Problem to work on: Below is a listing with pictures. Repeat exactly the lines starting at the one holding "Senior citizens celebrate" and going on through the one holding "今月中に次の案件とりにいきます!! #fammスクール #famm卒業生", and leave every picture out.

Material provided:
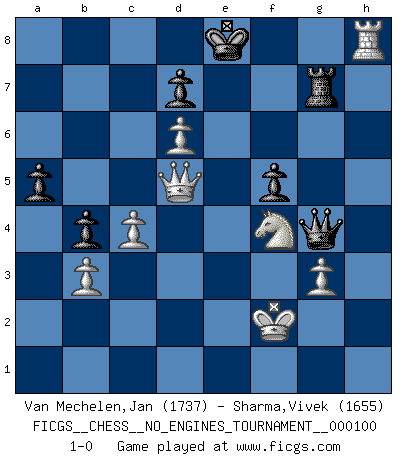 Last move : 1-0 2018 August 4 18:35:9 [Event "FICGS__CHESS__NO_ENGINES_TOURNAMENT__000100"] [Site "FICGS"] [Date "2018.06.17"] [Round "1"] [White "Van Mechelen,Jan"] [Black "Sharma,Vivek"] [Result "1-0"] [WhiteElo "1737"] [BlackElo "1655"] 1.c4 c5 2.g3 e5 3.Nc3 Nc6 4.Bg2 Nf6 5.Nf3 Bd6 6.O-O O-O 7.Ne1 b6 8.Nc2 Bb7 9.Ne3 Qe7 10.Ned5 Qe6 11.Nxf6+ Qxf6 12.Nd5 Qe6 13.d3 Ba6 14.e3 b5 15.b3 Rad8 16.Bb2 b4 17.a3 Bb7 18.axb4 cxb4 19.Qd2 Kh8 20.f4 f5 21.Kh1 h5 22.h4 g5 23.hxg5 Rf7 24.Kg1 Rg8 25.Kf2 Bc5 26.d4 exd4 27.exd4 Bf8 28.Nc7 Qg6 29.Rh1 R8g7 30.Bf3 Rh7 31.Rh4 Nd8 32.Rah1 Bxf3 33.Kxf3 Be7 34.Nd5 Bxg5 35.fxg5 Ne6 36.Nf4 Qxg5 37.d5 Ng7 38.Rxh5 Qg4+ 39.Kf2 Rxh5 40.Rxh5+ Kg8 41.Bxg7 Rxg7 42.Rh3 a5 43.d6 Kf7 44.Qd5+ Ke8 45.Rh8+ 1-0 English : Symmetrical variation Kingside Castling by player White (move 6) Kingside Castling by player Black (move 6) Player White won this chess game. Follow this game move after move (download)There are tough players and nice guys, and I'm a tough player. (Bobby Fischer) Gott hat gewollt, dass ich Champion werde. (Surab Azmajparaschvili) Los Peones son nacidos libres, y aún así, se encuentran encadenados por todos lados. (Rick Kennedy) A chaque perte on perd un peu de soi. (Joël Lautier) Methinks King Thibault should dub Marius Zubac a knight of the square board... I mean table, henceforth addressing him as Sir Marius, and bestow on him a suitable land from the kingdom of FICGS & marry him off to a worthy, fair maiden, lest he slice our heads with his mighty sword in his wrath. (Dinesh De Silva)
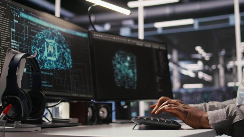 Close up of data center admin coding, writing script on PC identifying bottlenecks. Server farm IT expert typing on computer keyboard, troubleshooting bugs, implementing optimizations, camera A Pro Video
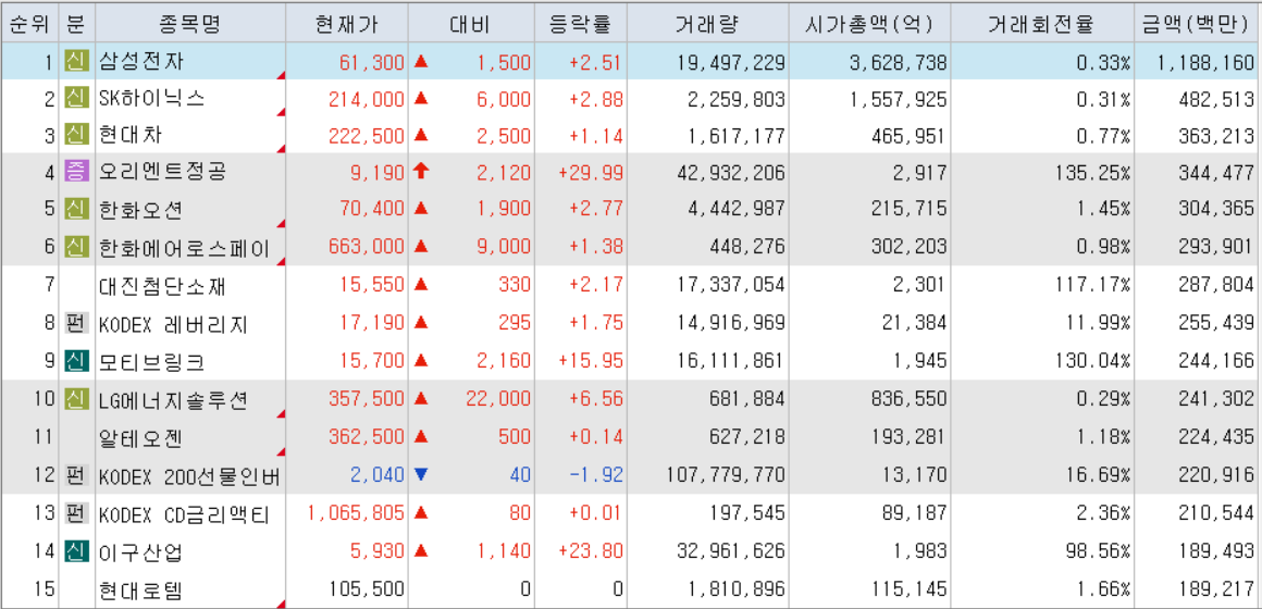 거래대금 순으로 보면 오리엔트정공 > 동신건설 > 에이텍 순으로 보임.
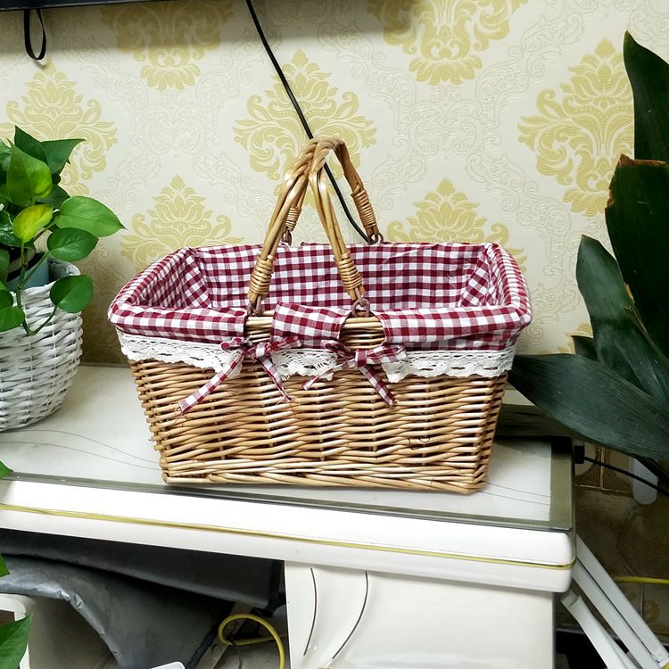Primary color food basket cart basket bamboo basket willow knitting storage picnic basket shopping basket egg basket portable rattan basket T7 primary color square linen white flowers with lace
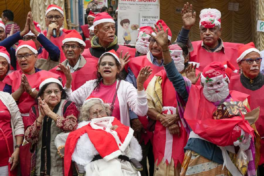 Senior citizens celebrate Christmas at a park, in Calcutta.
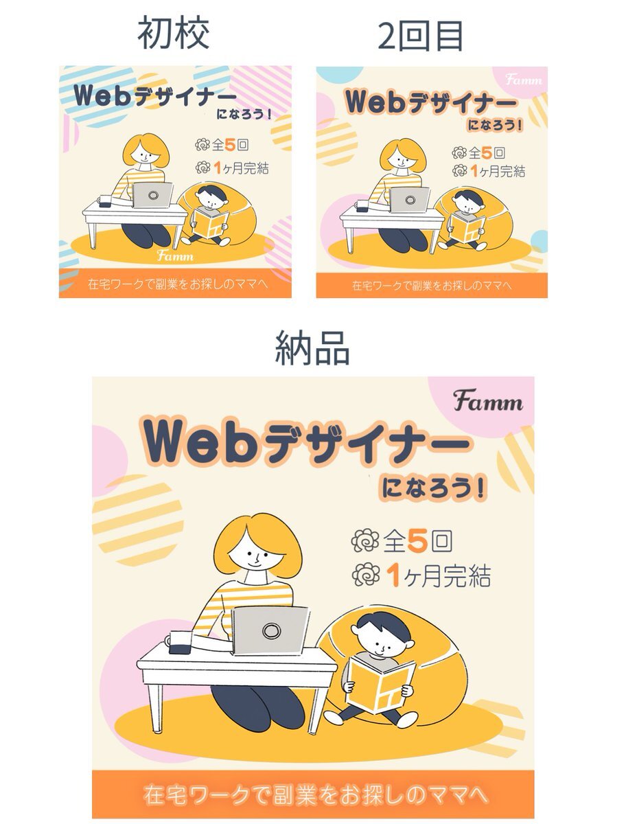 famm案件修正後に再提出してOK貰えました! 自分で納期を決めて、修正がある前提で逆算して納品。修正後も不安だらけだったけど、OKを貰うことができて嬉しい😊 今月中に次の案件とりにいきます!! #fammスクール #famm卒業生
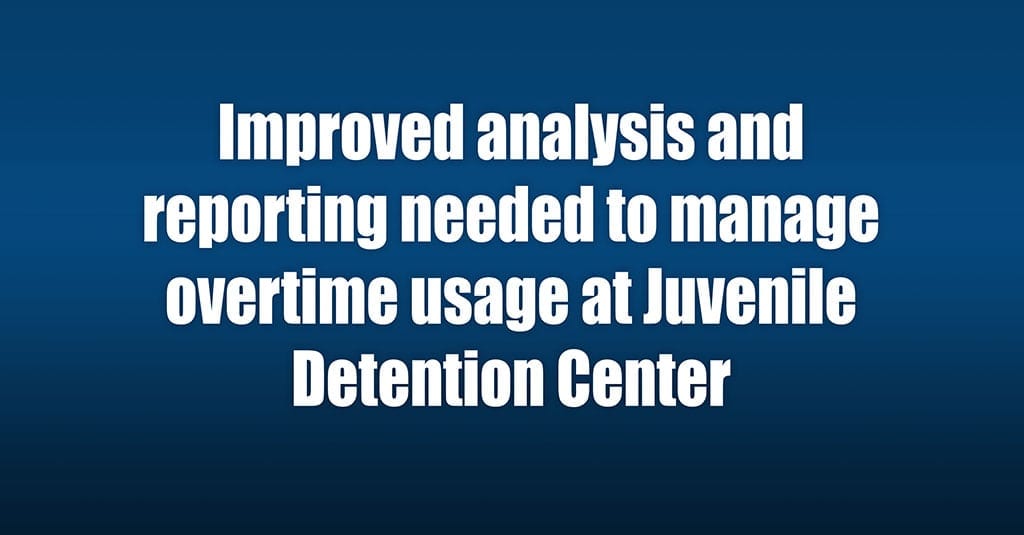 The audit focused on Juvenile Court overtime use in 2013 through 2015 to staff the detention center. Auditors said it was a “challenging environment” as three dynamics pulled the organization in different directions: the county was seeking budget cuts; overtime use and cost were rising; and employee availability to work was decreasing. During this time, management did not collect or use performance data to manage staffing levels.

Your response:
 Senior citizens celebrate Christmas at a park, in Calcutta.
 famm案件修正後に再提出してOK貰えました! 自分で納期を決めて、修正がある前提で逆算して納品。修正後も不安だらけだったけど、OKを貰うことができて嬉しい😊 今月中に次の案件とりにいきます!! #fammスクール #famm卒業生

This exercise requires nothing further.